Collected data entries:
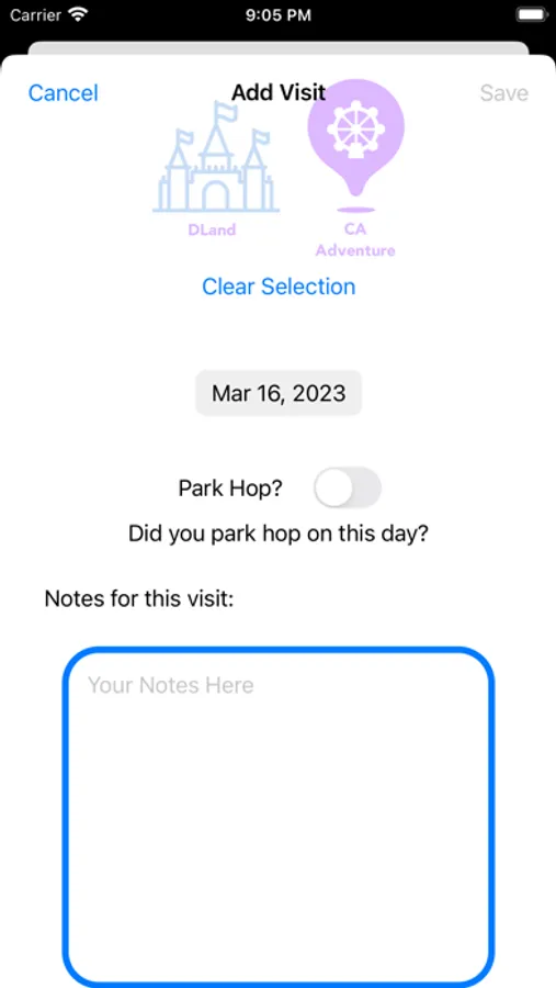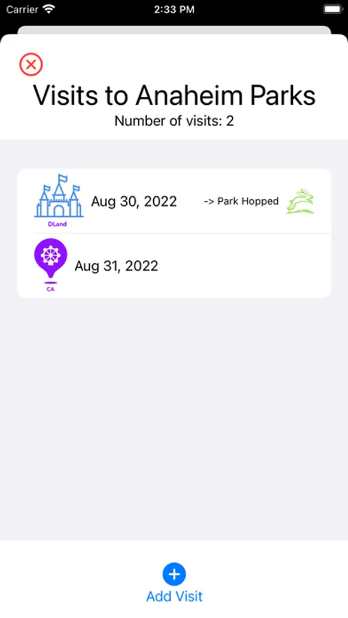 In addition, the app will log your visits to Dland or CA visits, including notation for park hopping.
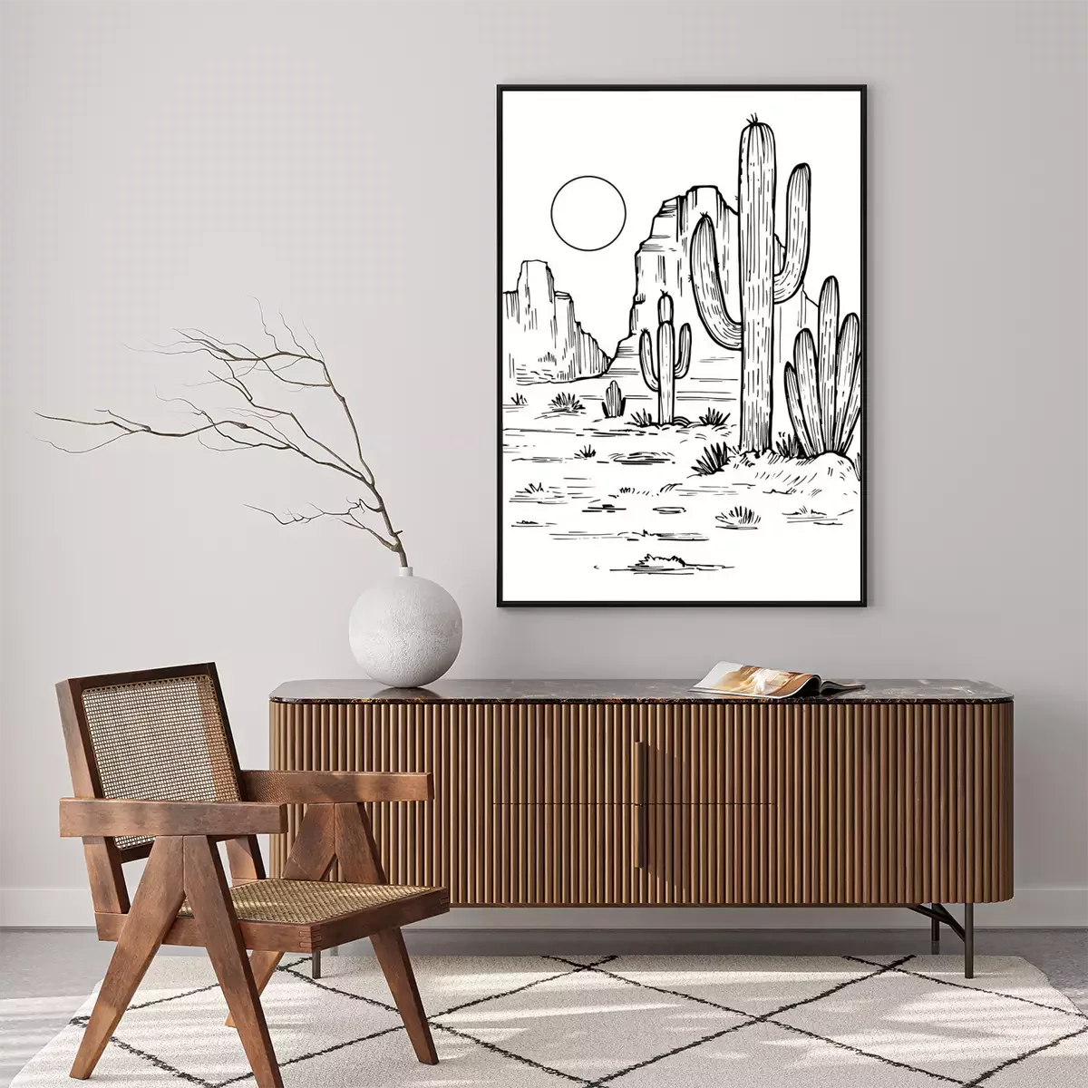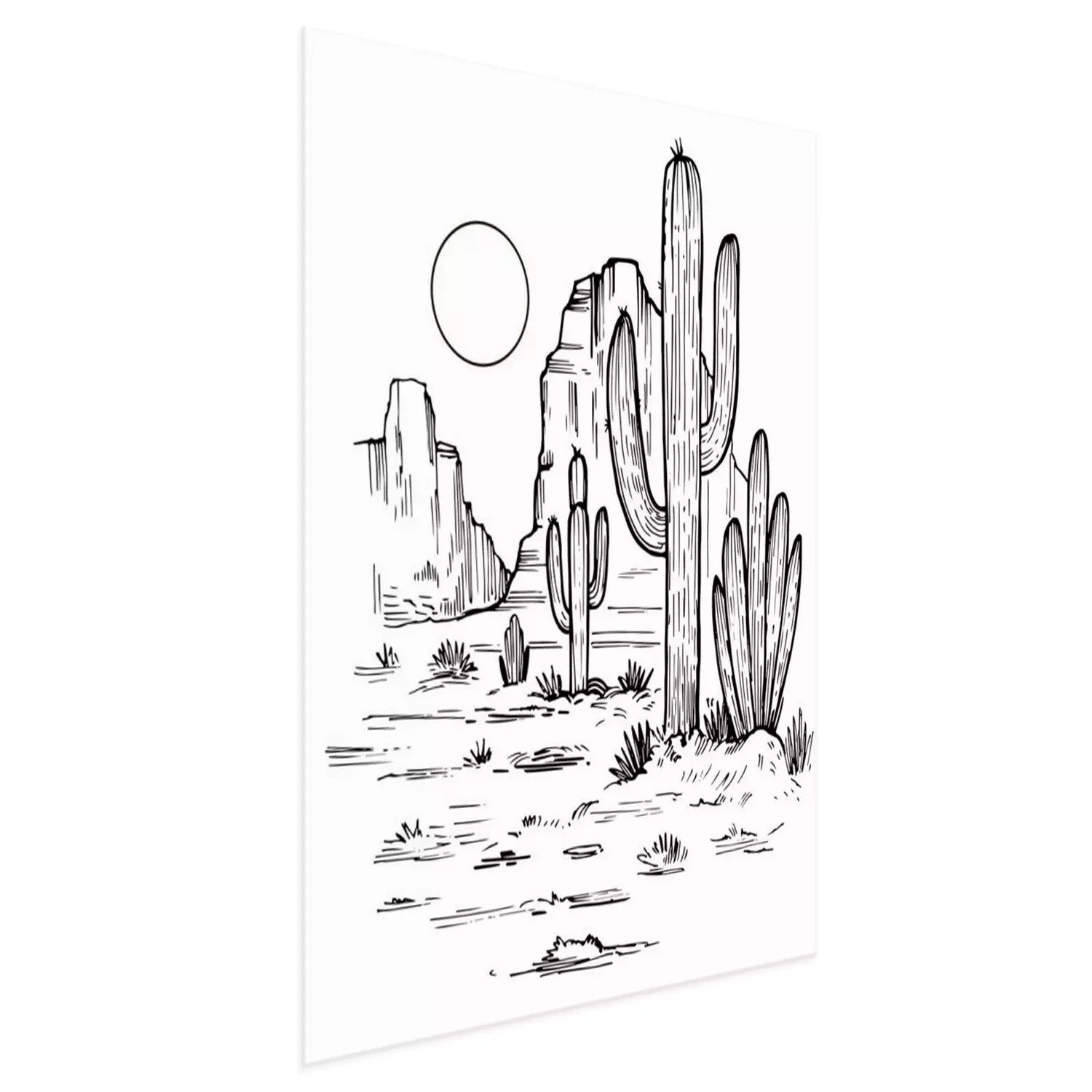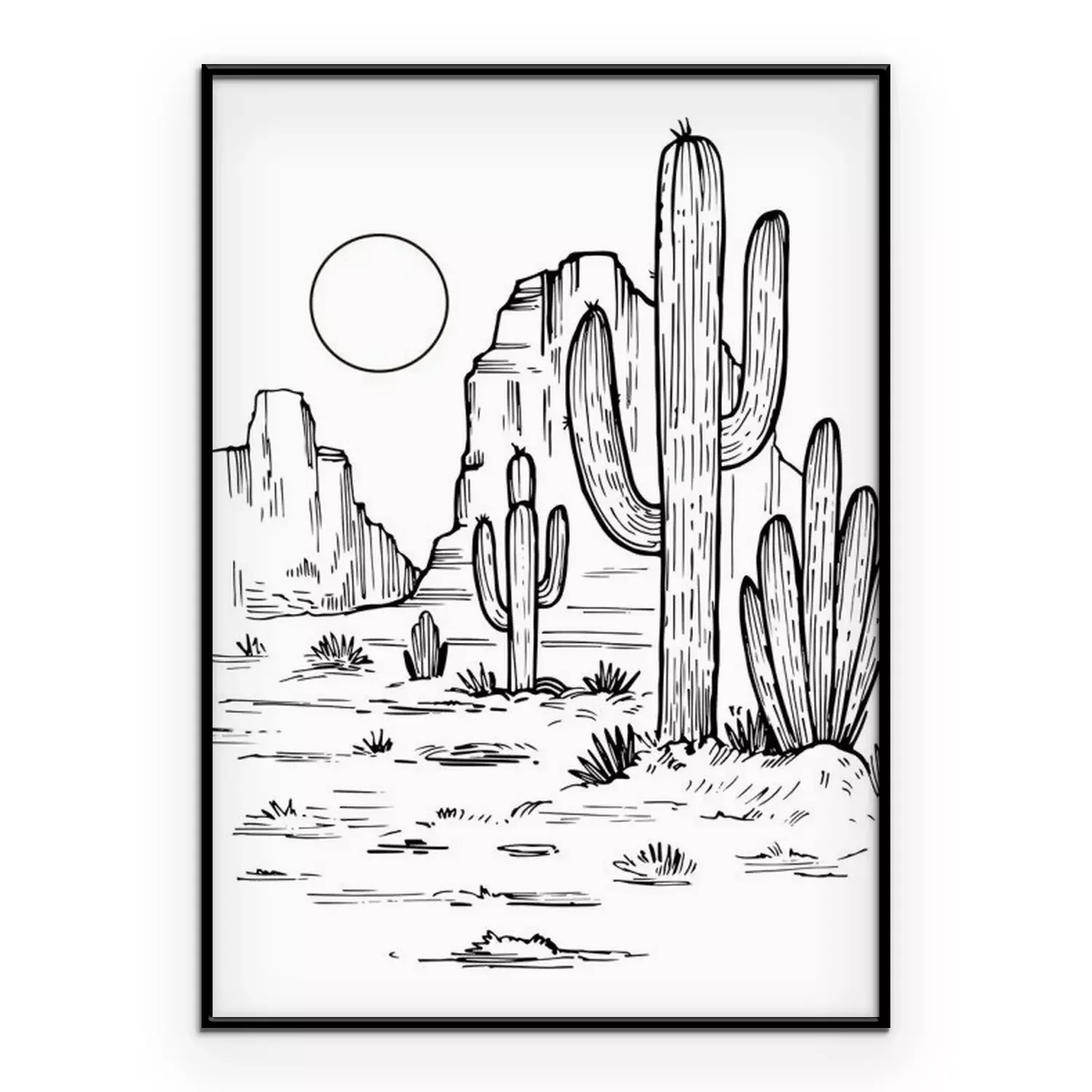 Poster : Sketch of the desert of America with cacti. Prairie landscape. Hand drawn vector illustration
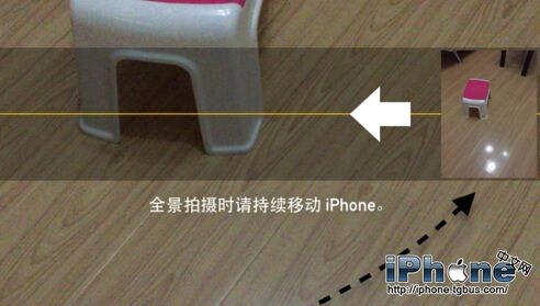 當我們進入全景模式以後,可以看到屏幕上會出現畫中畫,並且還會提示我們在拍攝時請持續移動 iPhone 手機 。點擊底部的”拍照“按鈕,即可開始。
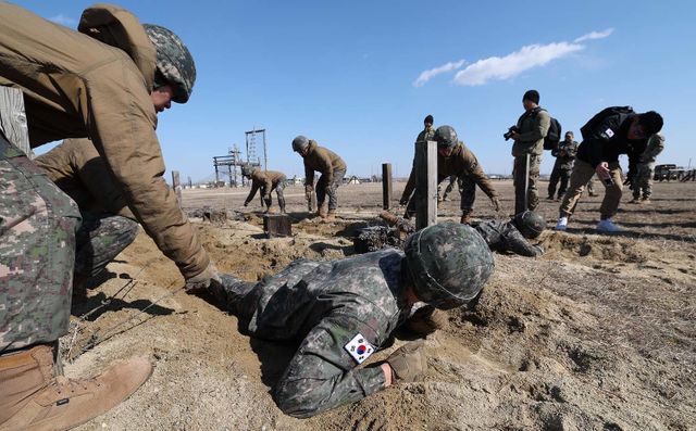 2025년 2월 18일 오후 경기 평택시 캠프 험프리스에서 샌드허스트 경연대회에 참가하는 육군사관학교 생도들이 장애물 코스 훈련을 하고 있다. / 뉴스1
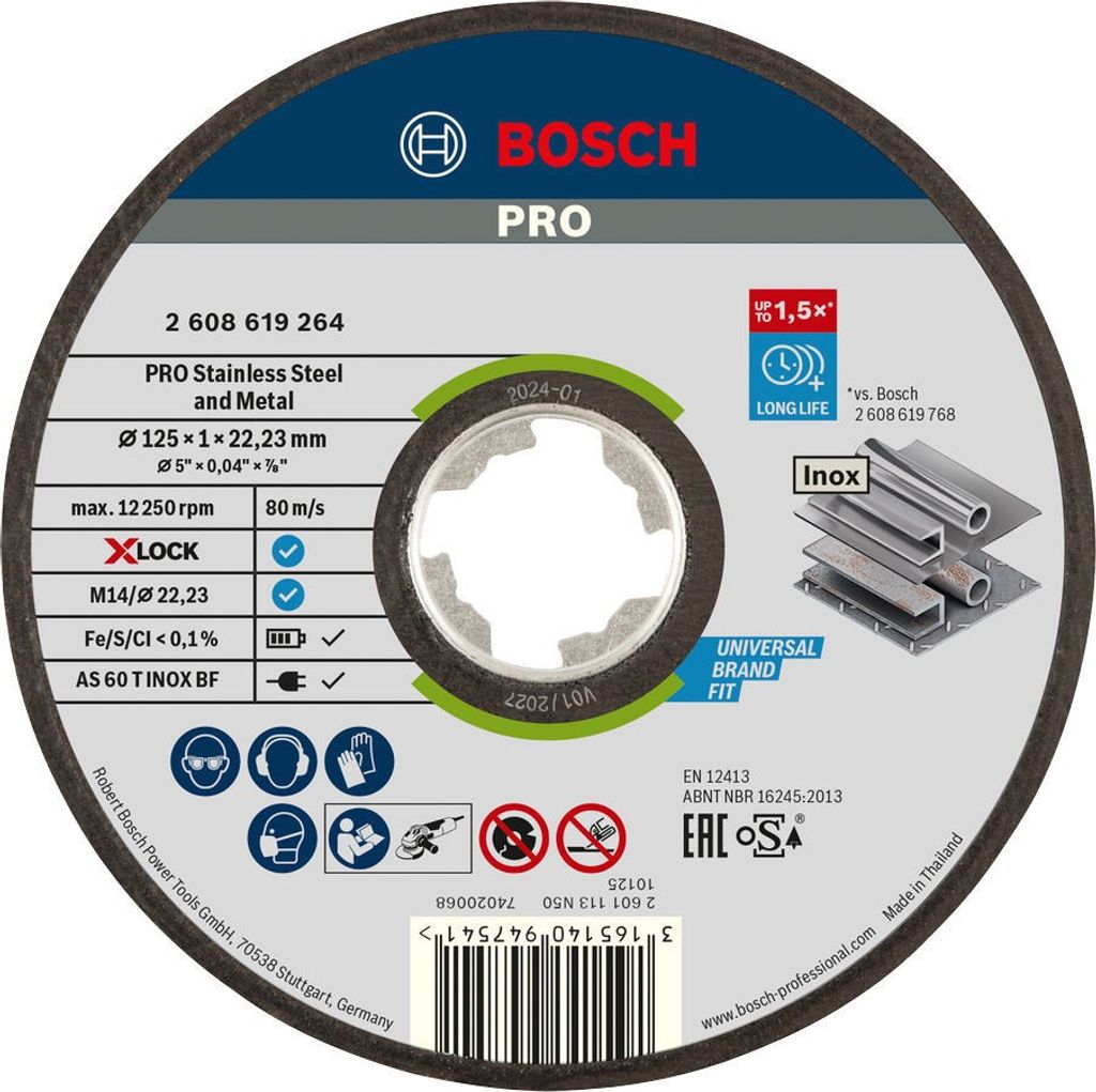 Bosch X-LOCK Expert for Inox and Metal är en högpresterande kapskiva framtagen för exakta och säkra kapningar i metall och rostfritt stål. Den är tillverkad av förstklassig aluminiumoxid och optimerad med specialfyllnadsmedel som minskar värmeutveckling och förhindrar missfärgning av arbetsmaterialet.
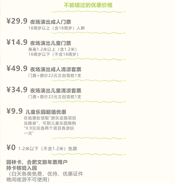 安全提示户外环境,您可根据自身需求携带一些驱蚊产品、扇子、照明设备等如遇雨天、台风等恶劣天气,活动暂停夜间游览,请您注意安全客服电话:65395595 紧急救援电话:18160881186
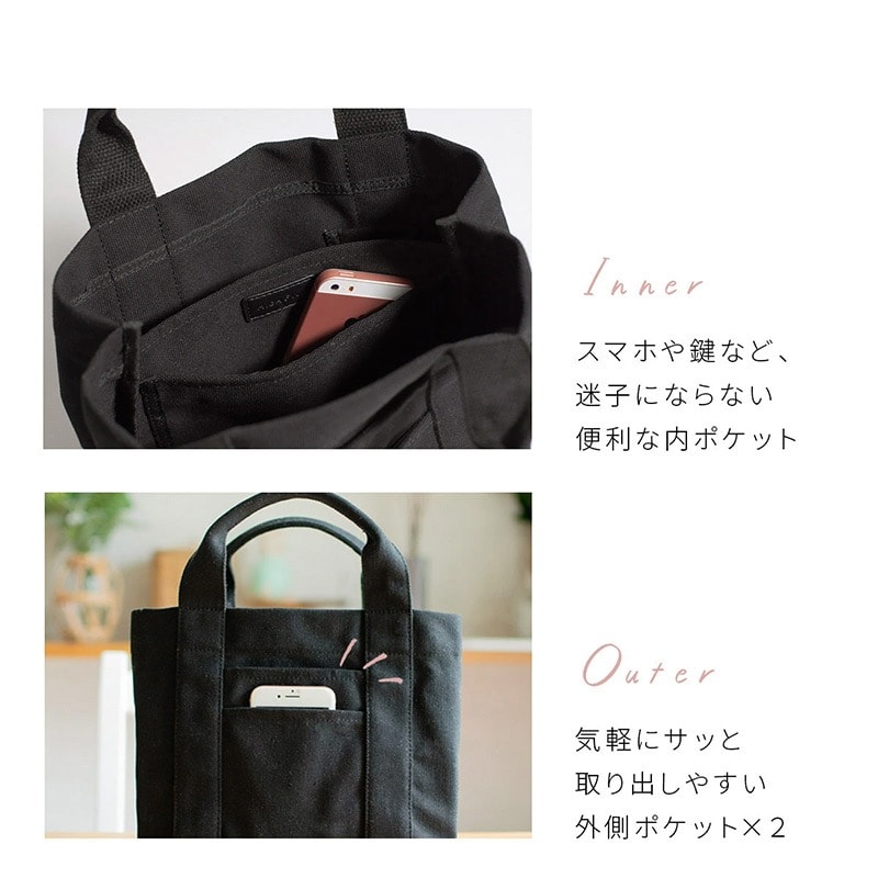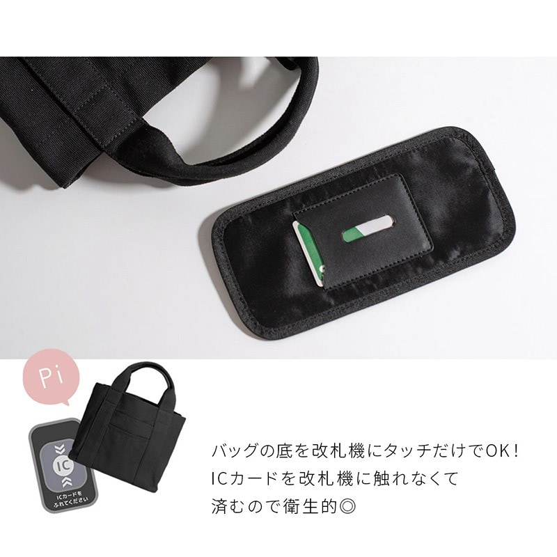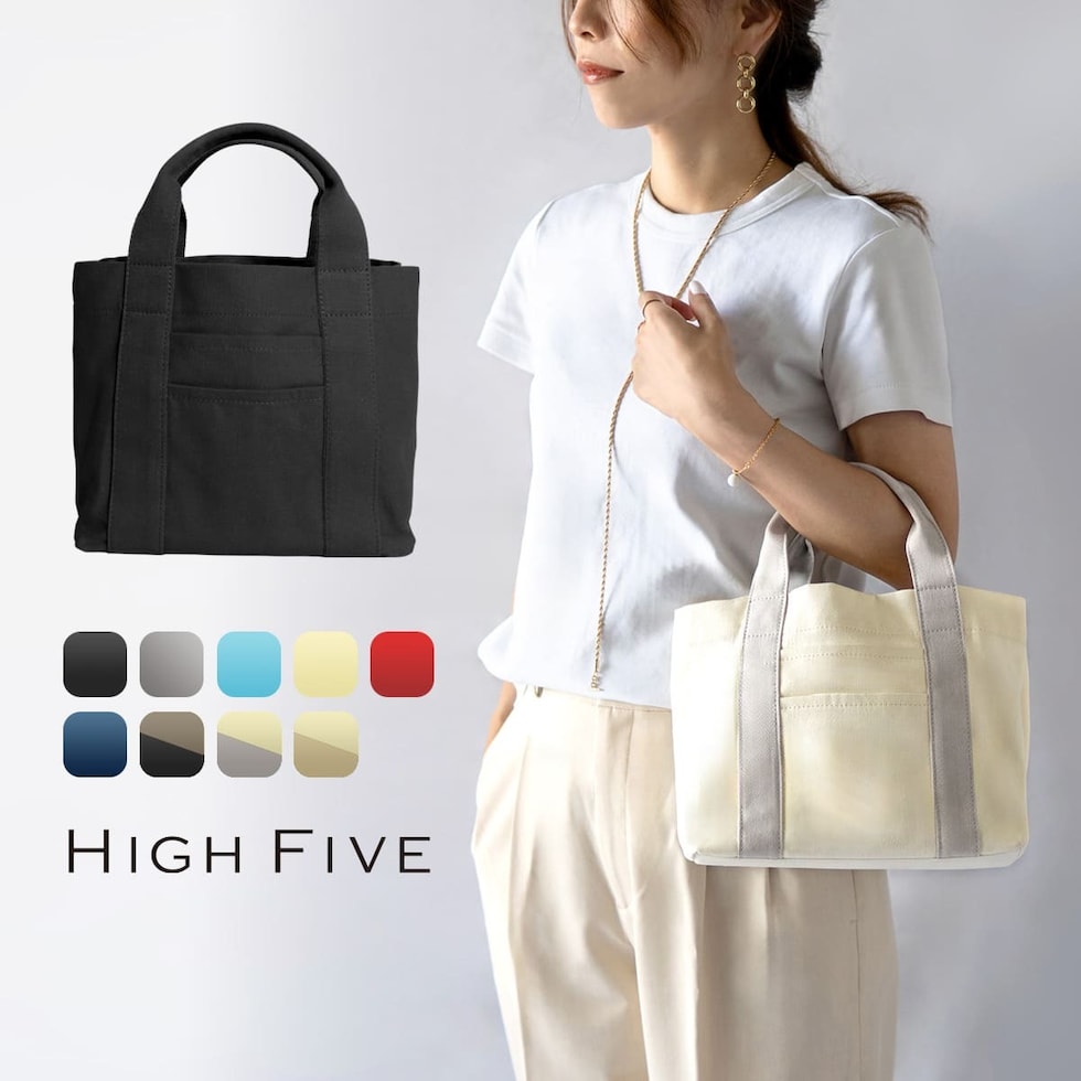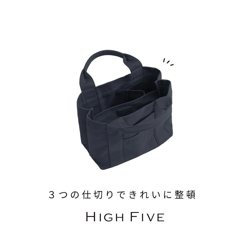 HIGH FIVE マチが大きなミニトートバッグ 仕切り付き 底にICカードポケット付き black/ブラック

WORK REQUIRED: Output exactly and only the lines from the line containing "安全提示户外环境,您可根据自" to the end of the entries, both included, and omit every picture.

PROBLEM SOLUTION:
 安全提示户外环境,您可根据自身需求携带一些驱蚊产品、扇子、照明设备等如遇雨天、台风等恶劣天气,活动暂停夜间游览,请您注意安全客服电话:65395595 紧急救援电话:18160881186
 HIGH FIVE マチが大きなミニトートバッグ 仕切り付き 底にICカードポケット付き black/ブラック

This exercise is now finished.